> [Description of the task]
Your copy should hold only the lines from the one with "32oz Safety Coated" to the one with "Custom Face Blanket", both included, each exactly as it stands below, with no pictures.

> [Dataset entries]
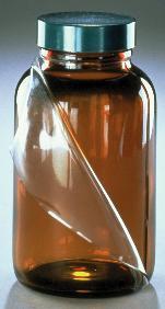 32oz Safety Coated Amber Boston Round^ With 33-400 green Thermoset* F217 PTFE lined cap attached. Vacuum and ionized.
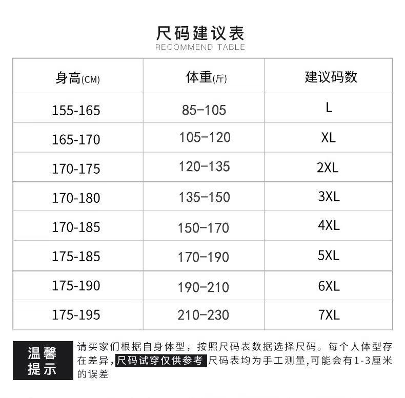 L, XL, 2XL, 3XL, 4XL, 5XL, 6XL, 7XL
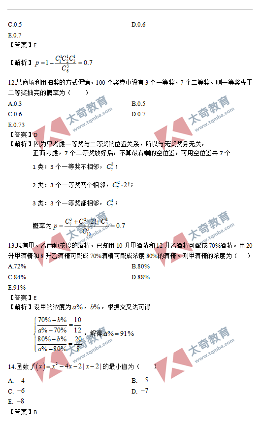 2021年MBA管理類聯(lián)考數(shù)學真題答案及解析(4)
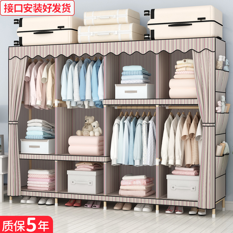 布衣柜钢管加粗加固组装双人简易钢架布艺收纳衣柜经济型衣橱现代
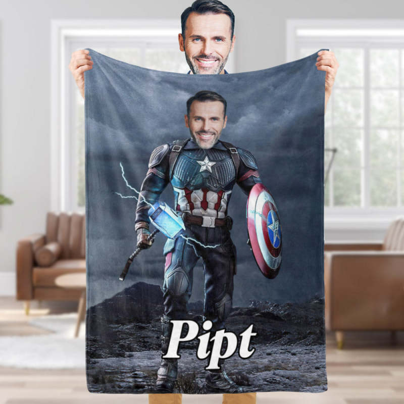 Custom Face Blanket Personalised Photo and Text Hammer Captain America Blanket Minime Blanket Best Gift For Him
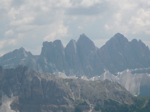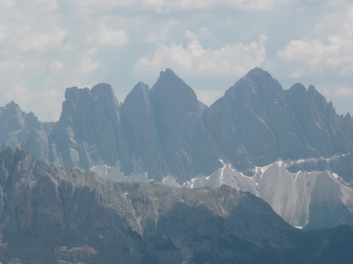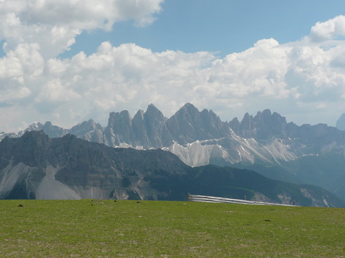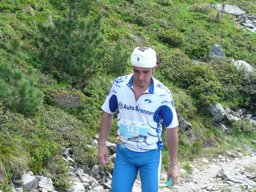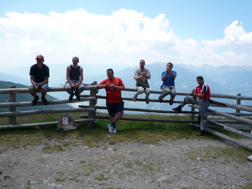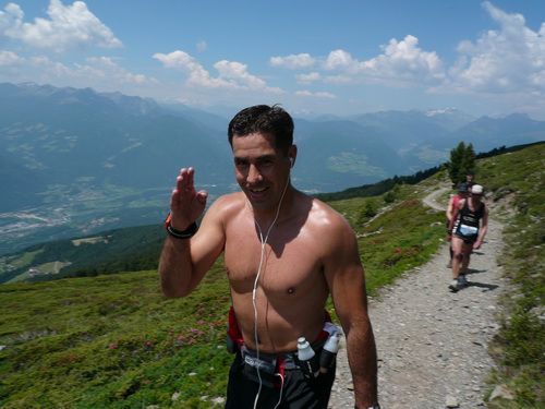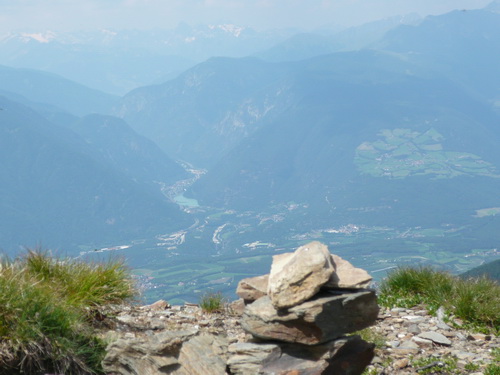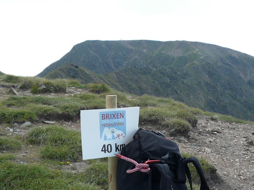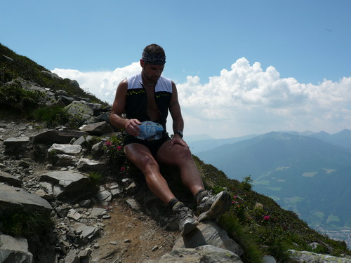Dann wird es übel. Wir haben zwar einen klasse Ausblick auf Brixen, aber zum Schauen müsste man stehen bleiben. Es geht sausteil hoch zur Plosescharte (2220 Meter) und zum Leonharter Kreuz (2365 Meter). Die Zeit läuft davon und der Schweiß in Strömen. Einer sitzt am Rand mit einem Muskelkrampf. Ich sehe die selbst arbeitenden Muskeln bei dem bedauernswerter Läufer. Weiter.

--

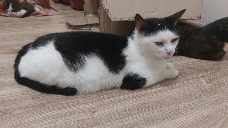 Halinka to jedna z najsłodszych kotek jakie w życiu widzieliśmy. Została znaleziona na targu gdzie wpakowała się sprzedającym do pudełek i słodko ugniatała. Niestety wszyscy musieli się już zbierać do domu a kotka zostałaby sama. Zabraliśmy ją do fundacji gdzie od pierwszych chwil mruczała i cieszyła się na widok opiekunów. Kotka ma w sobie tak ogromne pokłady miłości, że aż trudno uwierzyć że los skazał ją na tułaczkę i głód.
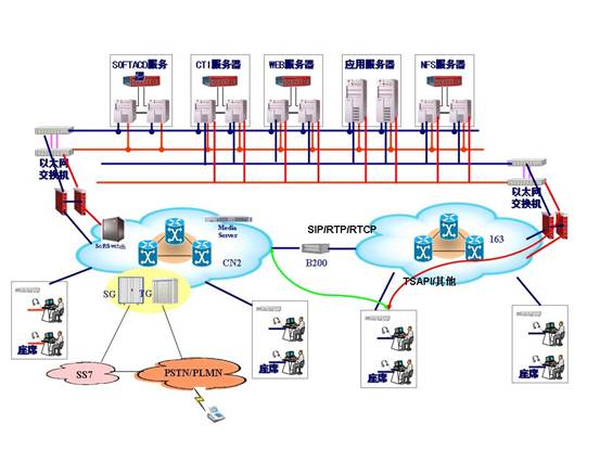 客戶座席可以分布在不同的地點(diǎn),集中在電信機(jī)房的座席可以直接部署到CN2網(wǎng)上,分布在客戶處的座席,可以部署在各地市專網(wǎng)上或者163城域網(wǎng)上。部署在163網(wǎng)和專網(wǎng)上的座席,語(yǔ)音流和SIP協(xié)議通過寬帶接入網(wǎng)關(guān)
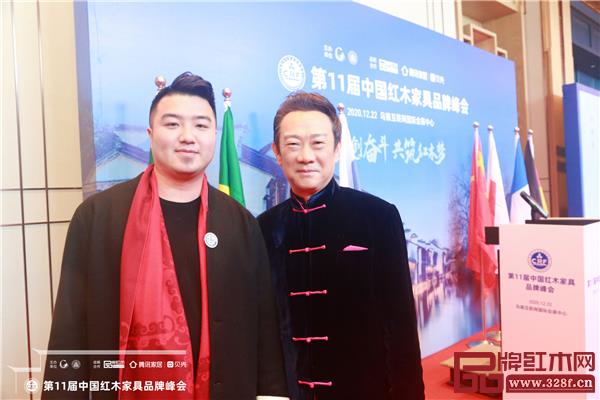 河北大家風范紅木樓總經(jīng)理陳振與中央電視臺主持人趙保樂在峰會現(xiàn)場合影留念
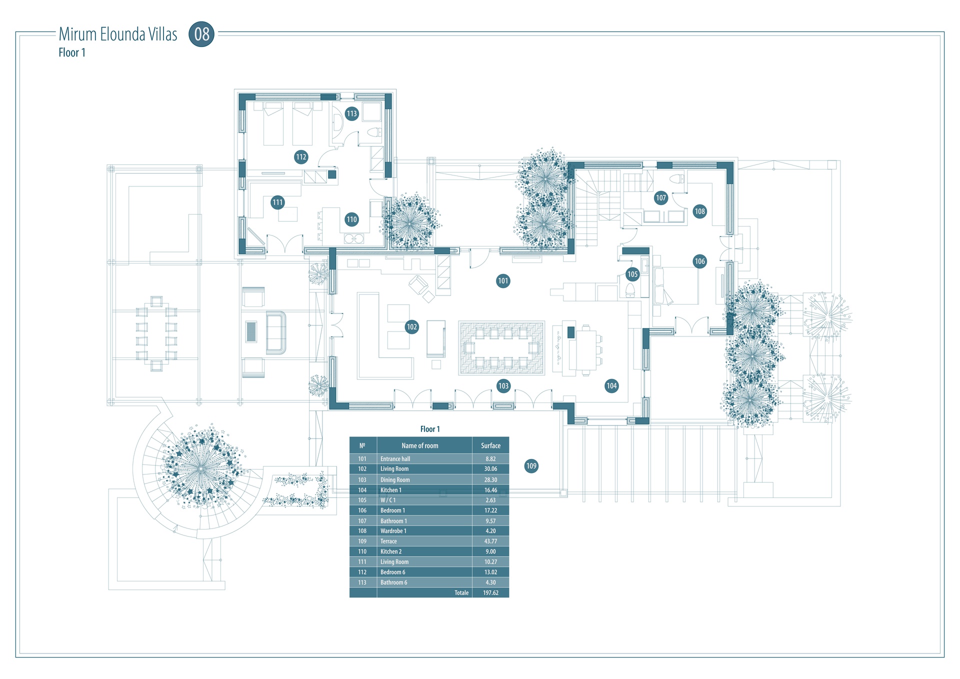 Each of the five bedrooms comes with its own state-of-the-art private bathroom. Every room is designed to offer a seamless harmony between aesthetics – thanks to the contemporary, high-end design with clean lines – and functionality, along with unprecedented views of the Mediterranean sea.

> [Exercise answer]
 32oz Safety Coated Amber Boston Round^ With 33-400 green Thermoset* F217 PTFE lined cap attached. Vacuum and ionized.
 L, XL, 2XL, 3XL, 4XL, 5XL, 6XL, 7XL
 2021年MBA管理類聯(lián)考數(shù)學真題答案及解析(4)
 布衣柜钢管加粗加固组装双人简易钢架布艺收纳衣柜经济型衣橱现代
 Custom Face Blanket Personalised Photo and Text Hammer Captain America Blanket Minime Blanket Best Gift For Him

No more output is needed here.